These are the key concepts you need to understand to accurately answer the question.

Destructive Interference
When two sound waves with the same frequency and amplitude, such as those emitted from loudspeakers, meet, they can cancel each other out if their crests and troughs align oppositely. This cancellation phenomenon is known as destructive interference. It occurs when the path difference between the waves is an odd number of half wavelengths, i.e., \( \lambda/2 \), \( 3\lambda/2 \), etc. In the context of the exercise, destructive interference happens when one loudspeaker is behind the other by 10 cm, indicating the path difference is \( \lambda/2 \). This allows us to calculate the wavelength of the sound wave, as it is twice the distance causing the interference, leading to a wavelength of 20 cm.
Constructive Interference
Conversely, when two sound waves meet in such a way that their crests and troughs are perfectly aligned, they reinforce each other—this is known as constructive interference.
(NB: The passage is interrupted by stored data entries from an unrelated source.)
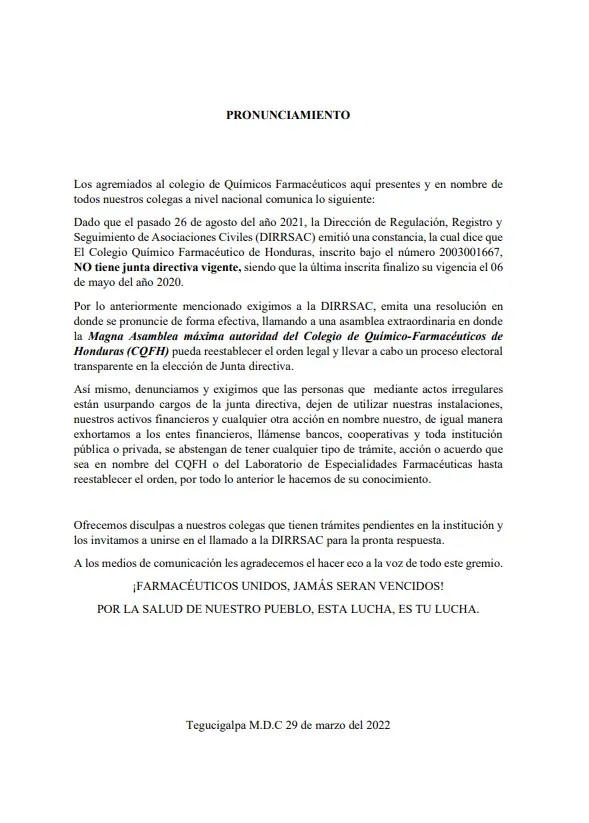InicioDENUNCIAS¡Tomado continúa el Colegio Químico Farmacéutico! Agremiados denuncian usurpación de Junta Directiva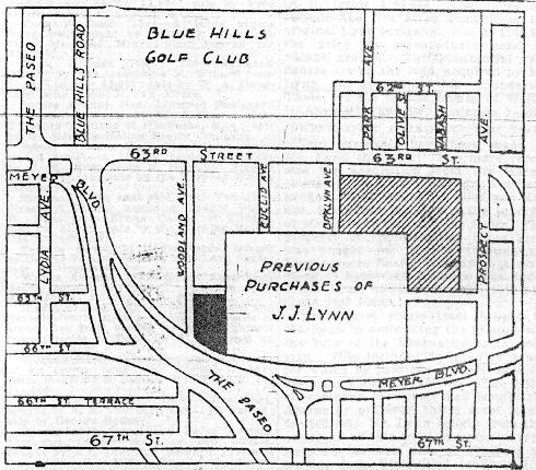 Two purchases have been made by Mr. Lynn this year. The more recent was the acquisition from the Harper estate of the ground between Woodland avenue, what would be Michigan avenue, Sixty-fifth street and the junction of Meyer boulevard and the Paseo. This property of approximately three acres was bought for $10,000 through the Rieger-Moore Realty Company. A sixth block of boulevard frontage was added to the Lynn holdings through this purchase just made.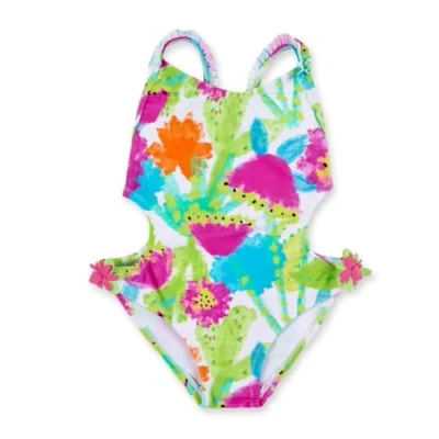 Green floral printed trikini for girls. Tropadelic Collection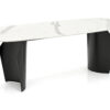 The Omnia table contains an ingenious mechanism able to expand the top surface. Pull the frame towards you so that the two legs with hidden castors slide on one side allowing the leaf to be pulled out. With a simple rotation the leaf fitted on metal tracks comes out of its housing and lines up with the top. The perimeter legs have a slanting cut in the inside part, a distinctive detail in the aesthetics.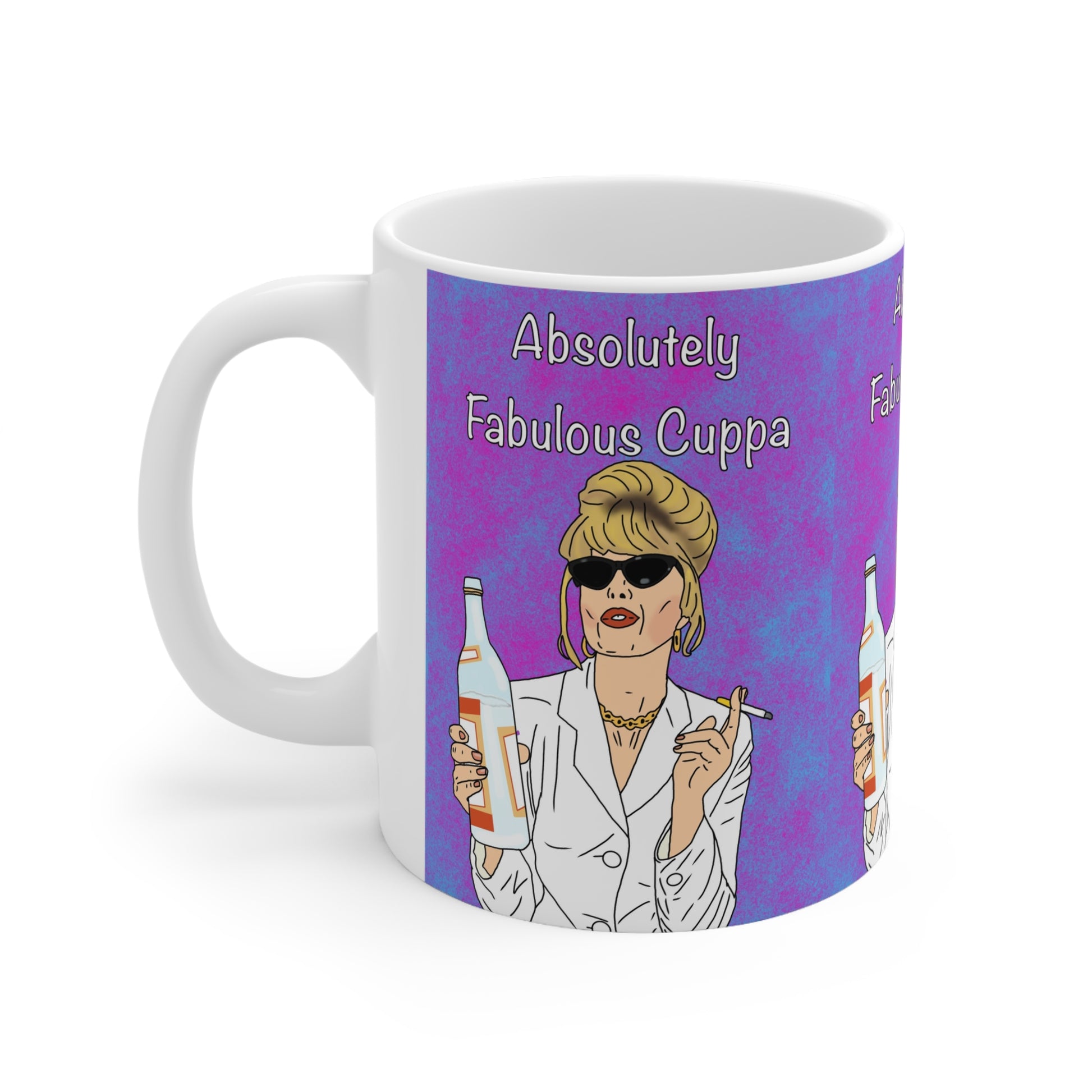 Bright, glossy ceramic mug that brings a cheeky, confident vibe to your morning routine. The wraparound design features a sassy, retro-styled woman in sunglasses holding a bottle and cigarette, set against a vibrant purple-pink marbled background with the phrase “Absolutely Fabulous Cuppa.” It feels like settling into a spirited conversation with a bold friend — lively, unapologetic, and a little glamorous. Use it to lift a slow weekday morning, punctuate a gossip-filled brunch, or keep on your desk as a small, joyful reminder to own your mood.
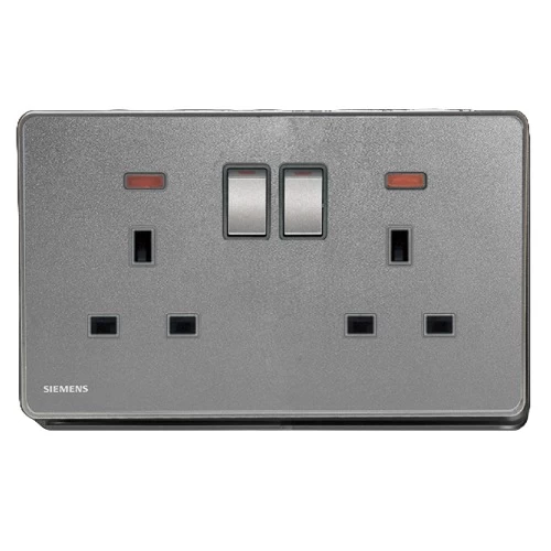 Switched socket with neon indicator 13A twin gang, dark gray color, size 86×146 mm, 250V, Siemens Brand (Delta Arina). Crafted from high-quality materials that withstand high temperatures, corrosion, and chemicals.

It results in a sound wave with greater amplitude than the individual waves. This happens when the path difference is a whole number of wavelengths, i.e., \( \lambda \), \( 2\lambda \), etc. In our exercise, we know that constructive interference occurs when one speaker is moved to be 30 cm in front of the other, which corresponds to a path difference of 1.5 wavelengths, leading to an amplified sound wave with double the amplitude of the individual waves.
Wavelength Calculation
The wavelength of a sound wave is the distance between two consecutive points that are in phase—meaning they are at the same point in their cycle of movement, such as two adjacent crests. To calculate the wavelength in scenarios involving interference, you can use the information about how changes in the position of one source relative to another affect the combined sound intensity. The exercise provided a clear case where a movement of 10 cm leads to destructive interference, inferring that this distance is half the wavelength. Doubling that distance gives the full wavelength, which in this example is 20 cm.
Phase Difference
The phase difference between two waves refers to the amount by which one wave is shifted relative to another. It's measured in radians and informs us about how in- or out-of-sync the waves are with each other. A phase difference of 0 or a multiple of \(2\pi \) indicates that the waves are perfectly in phase—contributing to constructive interference. In contrast, a phase difference of \(\pi \), or an odd multiple of \(\pi\), signifies destructive interference. From the solution provided, we calculate the phase difference between the two loudspeakers to be \(3\pi \) radians when the displacement is 30 cm, correlating to 1.5 times the wavelength (\(1.5\lambda\)). Consequently, this phase difference leads us to a point of constructive interference with maximum intensity and amplitude.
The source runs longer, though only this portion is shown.